Please print out every line of the material, unchanged.

**Extracted entries**
----
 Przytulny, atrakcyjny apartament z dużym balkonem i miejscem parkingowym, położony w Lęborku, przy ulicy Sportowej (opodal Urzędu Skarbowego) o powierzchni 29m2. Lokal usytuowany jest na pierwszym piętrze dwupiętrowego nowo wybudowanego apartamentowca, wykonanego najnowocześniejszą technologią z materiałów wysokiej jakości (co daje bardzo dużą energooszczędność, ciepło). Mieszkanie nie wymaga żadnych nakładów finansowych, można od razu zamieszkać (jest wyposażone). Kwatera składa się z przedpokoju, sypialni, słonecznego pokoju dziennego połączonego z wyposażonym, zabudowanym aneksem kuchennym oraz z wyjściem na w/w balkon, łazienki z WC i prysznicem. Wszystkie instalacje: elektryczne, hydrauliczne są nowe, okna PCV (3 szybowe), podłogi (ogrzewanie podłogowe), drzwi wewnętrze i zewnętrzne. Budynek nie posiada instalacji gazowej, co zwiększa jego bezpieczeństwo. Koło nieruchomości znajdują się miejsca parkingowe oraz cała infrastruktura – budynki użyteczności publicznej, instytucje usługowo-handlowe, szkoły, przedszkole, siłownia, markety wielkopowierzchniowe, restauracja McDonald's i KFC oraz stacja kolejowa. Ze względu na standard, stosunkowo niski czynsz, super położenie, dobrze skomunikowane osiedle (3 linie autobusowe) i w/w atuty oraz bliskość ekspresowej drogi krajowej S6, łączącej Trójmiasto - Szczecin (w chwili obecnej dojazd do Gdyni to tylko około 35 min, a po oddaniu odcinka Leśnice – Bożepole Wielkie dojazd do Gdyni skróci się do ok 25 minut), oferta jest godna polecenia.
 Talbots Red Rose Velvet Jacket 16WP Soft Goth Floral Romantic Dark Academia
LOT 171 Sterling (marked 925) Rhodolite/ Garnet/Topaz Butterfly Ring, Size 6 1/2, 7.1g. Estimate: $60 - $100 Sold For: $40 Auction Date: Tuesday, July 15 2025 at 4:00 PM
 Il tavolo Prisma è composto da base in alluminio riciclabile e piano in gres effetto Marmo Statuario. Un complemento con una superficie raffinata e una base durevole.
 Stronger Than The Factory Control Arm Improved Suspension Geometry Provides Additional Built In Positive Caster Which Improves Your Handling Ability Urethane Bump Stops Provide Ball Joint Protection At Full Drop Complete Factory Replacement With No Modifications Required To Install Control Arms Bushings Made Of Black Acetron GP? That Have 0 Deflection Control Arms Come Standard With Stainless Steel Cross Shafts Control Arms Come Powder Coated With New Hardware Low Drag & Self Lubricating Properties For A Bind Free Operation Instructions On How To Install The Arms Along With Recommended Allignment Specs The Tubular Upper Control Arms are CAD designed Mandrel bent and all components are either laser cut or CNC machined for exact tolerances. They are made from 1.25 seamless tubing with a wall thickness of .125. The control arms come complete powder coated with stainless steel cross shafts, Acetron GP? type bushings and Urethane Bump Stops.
----
**Exercise response**
 Przytulny, atrakcyjny apartament z dużym balkonem i miejscem parkingowym, położony w Lęborku, przy ulicy Sportowej (opodal Urzędu Skarbowego) o powierzchni 29m2. Lokal usytuowany jest na pierwszym piętrze dwupiętrowego nowo wybudowanego apartamentowca, wykonanego najnowocześniejszą technologią z materiałów wysokiej jakości (co daje bardzo dużą energooszczędność, ciepło). Mieszkanie nie wymaga żadnych nakładów finansowych, można od razu zamieszkać (jest wyposażone). Kwatera składa się z przedpokoju, sypialni, słonecznego pokoju dziennego połączonego z wyposażonym, zabudowanym aneksem kuchennym oraz z wyjściem na w/w balkon, łazienki z WC i prysznicem. Wszystkie instalacje: elektryczne, hydrauliczne są nowe, okna PCV (3 szybowe), podłogi (ogrzewanie podłogowe), drzwi wewnętrze i zewnętrzne. Budynek nie posiada instalacji gazowej, co zwiększa jego bezpieczeństwo. Koło nieruchomości znajdują się miejsca parkingowe oraz cała infrastruktura – budynki użyteczności publicznej, instytucje usługowo-handlowe, szkoły, przedszkole, siłownia, markety wielkopowierzchniowe, restauracja McDonald's i KFC oraz stacja kolejowa. Ze względu na standard, stosunkowo niski czynsz, super położenie, dobrze skomunikowane osiedle (3 linie autobusowe) i w/w atuty oraz bliskość ekspresowej drogi krajowej S6, łączącej Trójmiasto - Szczecin (w chwili obecnej dojazd do Gdyni to tylko około 35 min, a po oddaniu odcinka Leśnice – Bożepole Wielkie dojazd do Gdyni skróci się do ok 25 minut), oferta jest godna polecenia.
 Talbots Red Rose Velvet Jacket 16WP Soft Goth Floral Romantic Dark Academia
LOT 171 Sterling (marked 925) Rhodolite/ Garnet/Topaz Butterfly Ring, Size 6 1/2, 7.1g. Estimate: $60 - $100 Sold For: $40 Auction Date: Tuesday, July 15 2025 at 4:00 PM
 Il tavolo Prisma è composto da base in alluminio riciclabile e piano in gres effetto Marmo Statuario. Un complemento con una superficie raffinata e una base durevole.
 Stronger Than The Factory Control Arm Improved Suspension Geometry Provides Additional Built In Positive Caster Which Improves Your Handling Ability Urethane Bump Stops Provide Ball Joint Protection At Full Drop Complete Factory Replacement With No Modifications Required To Install Control Arms Bushings Made Of Black Acetron GP? That Have 0 Deflection Control Arms Come Standard With Stainless Steel Cross Shafts Control Arms Come Powder Coated With New Hardware Low Drag & Self Lubricating Properties For A Bind Free Operation Instructions On How To Install The Arms Along With Recommended Allignment Specs The Tubular Upper Control Arms are CAD designed Mandrel bent and all components are either laser cut or CNC machined for exact tolerances. They are made from 1.25 seamless tubing with a wall thickness of .125. The control arms come complete powder coated with stainless steel cross shafts, Acetron GP? type bushings and Urethane Bump Stops.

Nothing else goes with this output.